Кристина с удивлением посмотрела на Барта, и ее бархатно-карие глаза были полны недоумения.

— Локтевая кость — это большая из двух костей в руке, — объяснил он.

— Я знаю, что такое локтевая кость, — нетерпеливо перебила она. — Вы сказали, человеческая?

— Да, мэм, я думаю, что это так.

— Но это… это невозможно. Откуда Горнист взял человеческую кость?

Барт слегка пожал плечами.

— Люди терялись и умирали в пустыне.

Кристина оправилась от шока. Она забыла историю первых поселенцев, пересекавших бескрайние просторы пустыни в поисках золота и серебра.

— А… да, конечно… но вообразите только, он лежал где-то там все эти годы.

Барт постучал ногтем по кости, проверяя ее прочность.

— Не так уж много лет, — разрушил он картину, нарисованную ее воображением. — Два или три года, не больше.

Кристина медленно опустилась на стул. Смерть в пустыне семьдесят пять или сто лет назад была как история. Смерть, наступившая менее тридцати шести месяцев назад, была так же мрачна и современна, как трагические заголовки в газетах. Такая смерть дышала на нее холодным ужасом.

— Кто-нибудь пропадал в то время в Монументе? — спросила она.

— Пожалуй, я все-таки выпью чего-нибудь, если это не причинит вам большого беспокойства, — вдруг согласился Барт, хмуро рассматривая кость.

— Конечно.

Кристина вошла в дом и открыла банки с прохладительным соком.
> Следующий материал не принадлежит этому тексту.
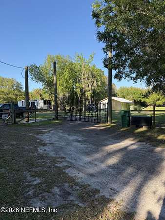 Bring your animals! Extremely rare opportunity to own over 11 gated and fully fenced acres in Oak Hill, Fl(currently a farm). Enjoy the peace and quiet on the end of this dead end road, without noise or light pollution. All land improvements have been made within the past year - power, well, pump, pump-house, RV outlet, shed, large duck pond, enclosures... etc. Brand new 12x24 pump house with 12x24 covered porch. The property has an automatic transfer switch wired for a generator to cover the pump house and any future additions. Excellent for your future dream home, and zoned for up to 3 dwellings(primary, accessory, farm worker). Over 3 acres of wooded property full of wildlife - deer, turkey... etc. Over 7 acres of mature oak and palm trees. The farm, animals, RV, and entity are not for sale, this is land only.
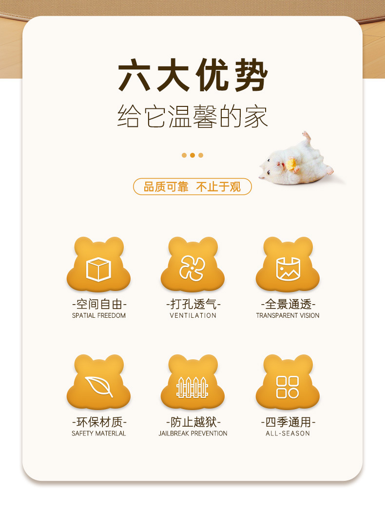 햄스터 케이지, 햄스터 사육 상자, 황금곰 운반 상자, PVC 소재, 천공 및 통기성, 고급 빌라, 소형 애완동물스토어 가기

Когда она вернулась, Барт все еще стоял, сравнивая кость со своей рукой.

— Ниже, чем я. Но ширококостный, крепкий человек, — он взял протянутую ему банку, — спасибо, мэм.
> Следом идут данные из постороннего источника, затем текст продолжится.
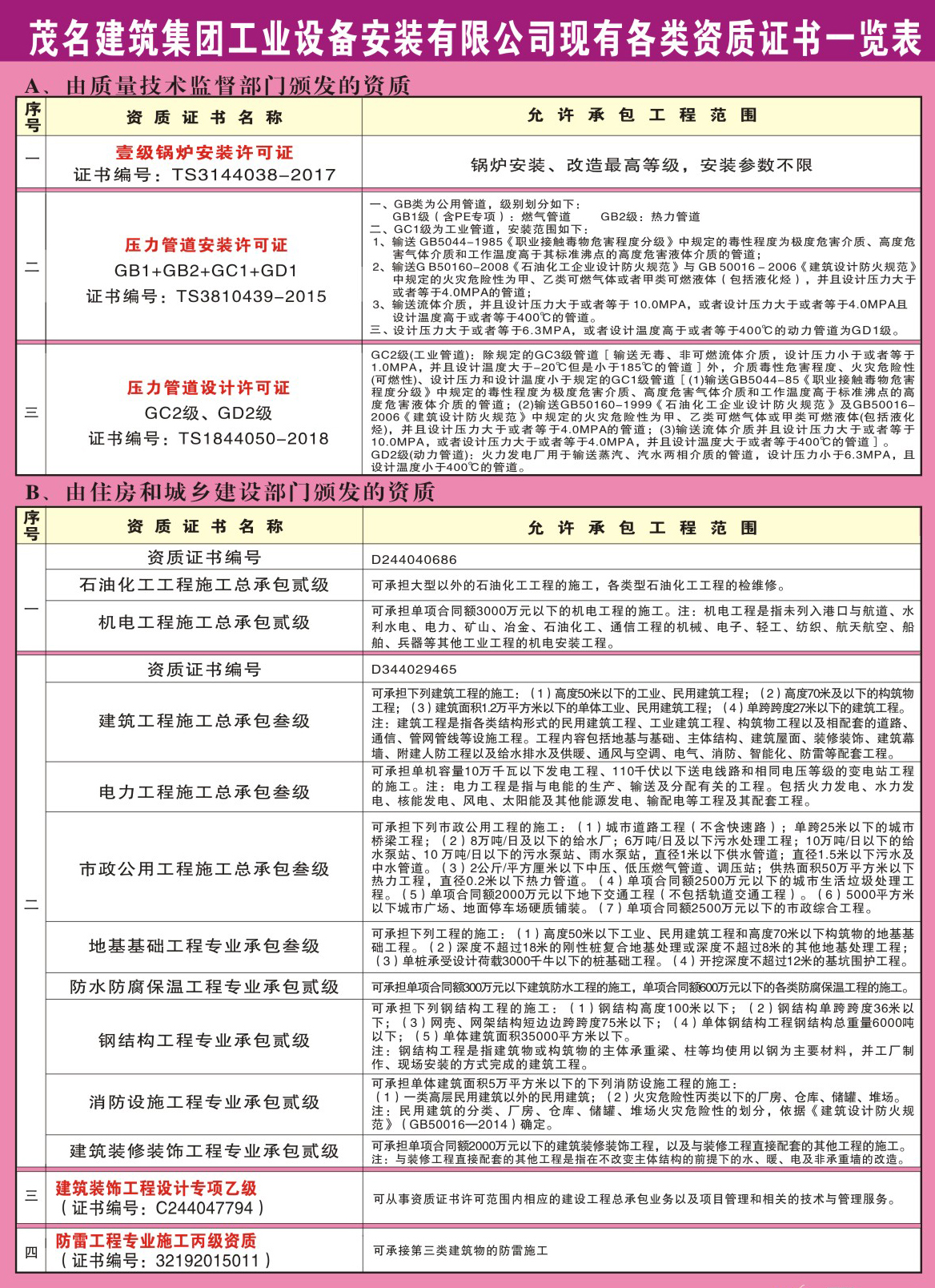 當前位置:網(wǎng)站首頁 >> 企業(yè)資質(zhì) >> 安裝資質(zhì)證書

— Садитесь, пожалуйста. — Ее всегда страшно раздражала его неизменно корректная вежливость. — Теперь расскажите мне обо всем.
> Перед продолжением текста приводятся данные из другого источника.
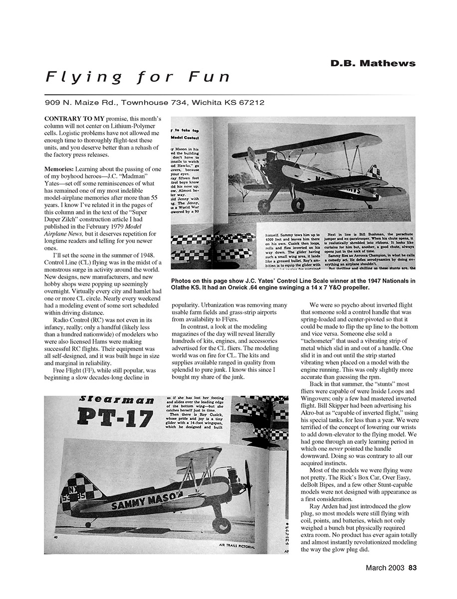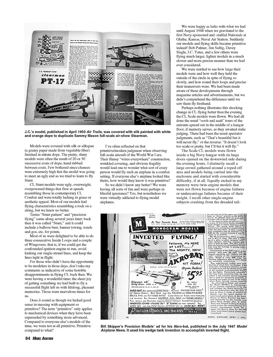 Photos on this page show J.C. Yates’ Control Line Scale winner at the 1947 Nationals in

Барт сел напротив нее, положил кость на колени и поднес банку сока ко рту.

— Что вы знаете о партнере Сперджена?

— Партнере? — удивленно переспросила Кристина. — Я даже не знала, что он у него был.

Барт провел указательным пальцем от кончика уха до нижней челюсти, словно выражая свое недоверие:

— Парень по имени Фрэд Бегли? Немного младше вашего дяди, крепыш, нет передних зубов, голова лысая, как яйцо.

Кристину разозлило то, что он не верит ей, она холодно взглянула на Барта и твердо сказала:

— Никогда не слышала о нем. Я видела дядю Сперджена только два раза в своей жизни.

— Только дважды? Собственного дядю? Живя в одной части страны? — сомнение его было еще очевиднее.

— Да, — резко ответила Кристина. — И он мой двоюродный дядя. Как вы, возможно, знаете, он был не очень общительным, а моя семья постоянно переезжала с места на место. Однажды, когда мне было шесть или семь лет, мой отец работал над проектом в Сан-Бернарлино, и дядя Сперджен приехал навестить нас во время рождественских каникул.

Теплые воспоминания растопили ее негодование, и она продолжала спокойнее и мягче.

— Ему тогда было семьдесят с чем-то. Он был первым человеком, носившим бороду, которого я знала. Сначала я подумала, что он — это худущий Санта Клаус. Помню, это очень развеселило его.

Несколько лет спустя мы провели некоторое время в Риверсайд, и дядя Сперджен снова заглянул к нам. Мою маму очень развлекала мысль иметь дурную овцу в семье, и она писала ему время от времени письма. Он никогда не отвечал, но раз или два в год посылал мне маленьких птичек и зверюшек, которых сам вырезал из дерева.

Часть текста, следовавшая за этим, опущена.